Solitude has helped me learn to love all of myself, the good, the bad, the broken, and the weird.
I am thankful for the emptiness because it pushed me to rediscover my inner child, and my happiness, and overall opened my eyes to the takers.
I know this is a crazy time right now. I can’t believe I had the courage to quit my job without having another one lined up. That something I never did in my life. I literally don’t have much to live on right now and can’t even afford to pay my own bills, but I been down this road before.
I felt unappreciated at my last job even though I did my best to succeed. Sometimes you just must take a stand and say enough is enough. Funny thing is my Employer took it well and so did my coworker’s. Except for one coworker who felt it was her mission in life to put me down. I told her I give up and I am quitting. I don’t know if she did not believe me or what but for 3 weeks, I had to Endure her emotional trauma of insults, sudden niceness, nosiness etc. Again, why is it my fault for other people’s issues. Have you ever heard of grieving the dead? I never seen grieving the living. Oh well not my concern.
I applied to at least 30 jobs each one turning me down for some lame excuse which at this point has become laugh able. I always said it better to laugh in the face of fear then let people believe they got the best of you. I have generated this AI photo of myself and thought I want to be this person. My mom tells me it fake. It not really you. Why would I want to look like the person I don’t want to be? I do not believe what my mom tells me. Who is she to tell me what to become? Sometimes people forget you are NOT them. You are your own unique person and need to develop into a greater person too. Sometimes, I wonder who am I?
I posted the image on LinkedIn; it pretty much looks like me. I got a message from a previous employer wanted me to come back. I thought might as well. The company has grown, and they do have a lot of success and he is never wrong. I did an interview, and I was told I would get another. Yet to hear back yet. To keep myself busy, I decided to inquire about going back to college. Do Hybrid so I can learn better. I learn better on my own then in a class.
I remember one time paying money for an English class only to have one student crying about her life and her troubles.
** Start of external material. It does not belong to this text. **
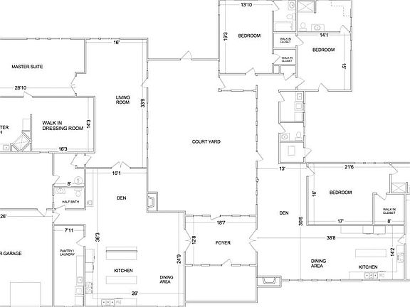 Unique Courtyard Style Ranch features Two Separate Residences off a Common Foyer and Central Courtyard; Right Side is 3 Bedrooms, 3.5 Baths, Living Room, Dining Room, Kitchen, Laundry and Garage; Left Side is 1 Bedroom with Fireplace, Living Room, Dining Room, Kitchen, Den w/Fireplace, Laundry and Garage; Custom-Built with Quality Materials and Finishes; 9' Ceilings, Wood and Tile Flooring. Walk-In Closets with Organizers, Custom Built-Ins Throughout; a Must See Property - Move-In Ready!
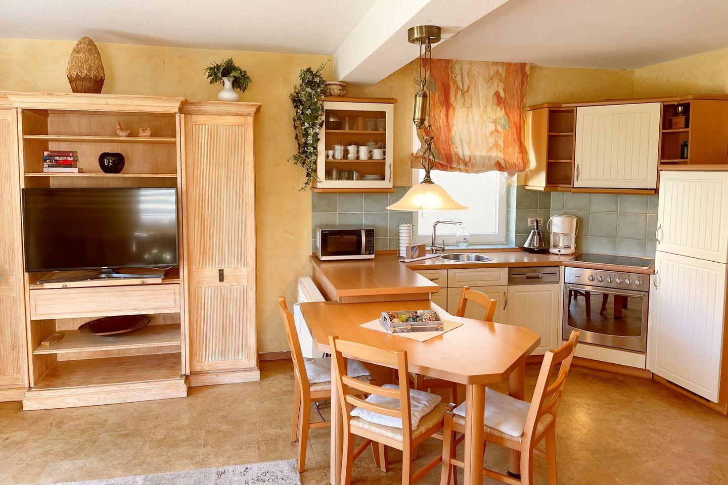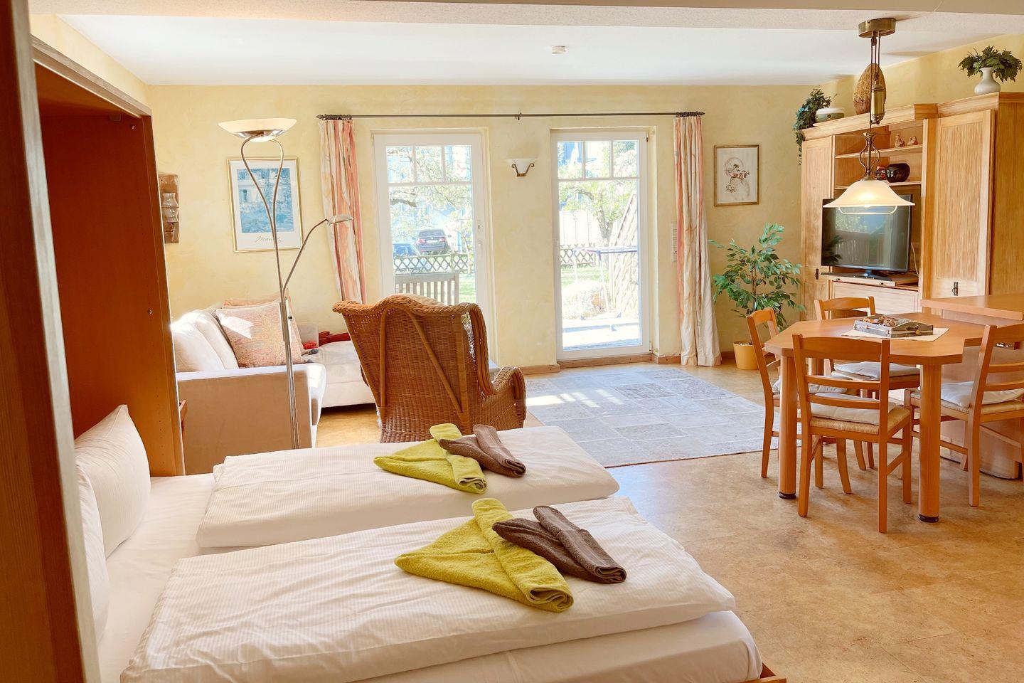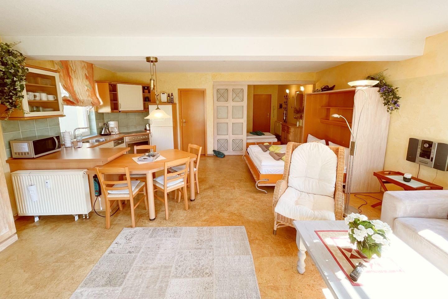 Das 1,5-Zimmer-Apartment im Erdgeschoss begrüßt Sie mit einer Sonnenterrasse in Südlage. Sehr ruhig und nur wenige Gehminuten von der Ostsee entfernt. Das Wohnzimmer mit offener Küche, Essecke, bequemer Couch und einem Schrankbett, bildet das Herzstück dieses Apartments. Im Vorraum befindet sich ein weiteres Schrankbett, für die 3te Person, das mittels Schiebetür, vom Wohnzimmer, getrennt werden kann. In dem modernen Duschbad befindet sich neben dem WC ein doppelter Waschtisch mit Spiegel.

I though why am I paying for an education to listen to someone else’s story. It did not seem right to me, and I drop out never to return. I have many times in the past tried to return only to be told that my financial aid did not go through or that I did not past a test and would not be accepted. After a while you give up hope until somebody in life reminds you about how smart they believe you are. Who know I thought maybe things changed since then and it much easier than before? Maybe?
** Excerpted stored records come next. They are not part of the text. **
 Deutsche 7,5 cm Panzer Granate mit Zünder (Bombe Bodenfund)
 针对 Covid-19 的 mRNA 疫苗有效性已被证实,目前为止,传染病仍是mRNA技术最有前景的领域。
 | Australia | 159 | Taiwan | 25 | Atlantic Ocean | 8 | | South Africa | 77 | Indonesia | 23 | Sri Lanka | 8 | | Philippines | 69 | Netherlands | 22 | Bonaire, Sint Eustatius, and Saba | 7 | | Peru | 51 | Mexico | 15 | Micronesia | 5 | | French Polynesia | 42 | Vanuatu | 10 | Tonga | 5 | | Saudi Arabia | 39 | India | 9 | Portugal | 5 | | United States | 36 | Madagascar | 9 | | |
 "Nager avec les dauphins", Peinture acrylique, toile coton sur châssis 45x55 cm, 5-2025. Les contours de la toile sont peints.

It all started off as a simple inquiry and next thing I knew I am enrolled in a class for Fall. Even got a guidance Counselor to help me on what I need. I did all this online in just two days. Insane I know. It is expensive but I was able to set up a payment plan and file for financial aid. If that does not work maybe a job will offer Tuition Reimbursement. I decided to change my Major to Human Services, why? Because I had an interview for a job and one company was interesting, and I had no idea that career path even existed. Wow I thought that so me. I had the credits that I needed to get my associates. My only worry is the Math class. Biology I can get through. Math not so much. I must take a placement test on Saturday. I needed a student ID. I just learned that you could get one online just send your own photo. It was way to easy to do and I still not idea what Hybrid learning is, even though I took a class on that and got an award for passing.
Anyways, I got this email about a contest, and I thought to myself the money could really assist me on paying for my class and might help someone else in the process. On one of my many failed interviews someone said to me you should write something new to publish and I said to him. I just need a little inspiration.
Born in a small town in the sixties. Being black and born to a teenager who was in love with an older man. A product of forced marriage. No love, no unity. No education, no job. Annulment. GED, new man, remarried.
New family. Hated because of who the biological dad was. Alone. Biological is killed. Too much for a 6yr old. New siblings. Alone again.
Teenage life brings about perverted old men. No one believes the stories. Alone. Alcohol, parties, babies, abortions, depression. Alone.
Giving birth because you’re in love. He’s gone. Alone. Evictions. Graduation, College. Pregnancy. Grandma.
Children turn their backs on you. Alone.
Aged 55, starting over. Alone
It’s Peach picking season. Might pickle some, make a pie, or eat them straight from the tree.
One thing for certain, I will no longer be burned by the flames of others. I am a Sweet Peach…
Wow. You have been on a RIDE. How you doing, kid? You hydrating? You should be. How’s the brain? Still beautiful but frustrating as all hell? Never works the way other people think it should? Good. That means it’s yours, and yours alone. And it’s good that other people don’t get it; you can’t expect random idiots gawking on the street to understand Spiderman as he swings through Manhattan on a web line.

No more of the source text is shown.